Mexican painter and engraver (1905–1947)

Julio Castellanos González (October 3, 1905 – July 16, 1947) was a Mexican painter and engraver associated with the post-revolutionary artistic movement in Mexico. His work reflects a transition between academic traditions and modern Mexican art.

==Biography==
Castellanos was born in Mexico City in 1905. He began his artistic education at the Escuela Nacional de Bellas Artes in 1918, where he studied under notable artists such as Saturnino Herrán and Leandro Izaguirre. Among his classmates were Agustín Lazo, Rufino Tamayo and Leopoldo Méndez.

In the 1920s, he traveled to the United States to further his studies in engraving, where he met artist Manuel Rodríguez Lozano, who became a significant influence on his artistic development.

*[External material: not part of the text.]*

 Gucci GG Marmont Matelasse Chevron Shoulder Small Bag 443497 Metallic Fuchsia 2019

Upon returning to Mexico, Castellanos was involved in the Escuelas de Pintura al Aire Libre (Open-Air Painting Schools) and studied drawing under Adolfo Best Maugard.

In 1925, he held his first solo exhibition in Buenos Aires. He then traveled to Paris, where he was exposed to European modernism, which left a notable imprint on his later work. After returning to Mexico, he became involved in avant-garde activities, including the Teatro Ulises group, and took part in an exhibition organized by Los Contemporáneos, presenting six works that marked a stylistic departure from his earlier output.

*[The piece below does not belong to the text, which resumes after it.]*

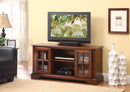 With this TV stand versatility and style will blend masterfully in your living room area. Includes a variety of open and concealed storage: two glass doors with one shelf inside and two center open shelves offers plenty of space to keep your entertainment components. Carefully constructed from selected wood and veneers in warm Cherry Finish which gives this piece an elegant and sleek appeal.
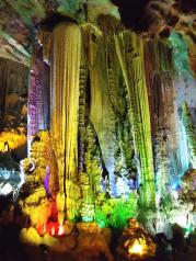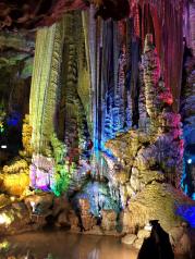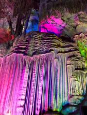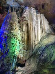 银子岩在洞外没有发现什么,但是到了洞里边完全不一样,这里的灯光确实漂亮,加上溶洞里面的形状确实是千姿百态,而且都是那种规模比较大,比较壮观的那种。

His mural work includes two completed murals painted in 1933 at Juan O'Gorman's Escuela Melchor Ocampo in Coyoacán, as well as a partially completed mural titled "El ojo enfermo" ("The Injured Eye") at a school in Colonia Peralvillo, Mexico City.

In 1946, Castellanos was awarded by the Secretaría de Educación Pública alongside Frida Kahlo. That same year, he and his wife Zita Basich Leija welcomed their son, Antonio Castellanos, who would become a renowned sculptor.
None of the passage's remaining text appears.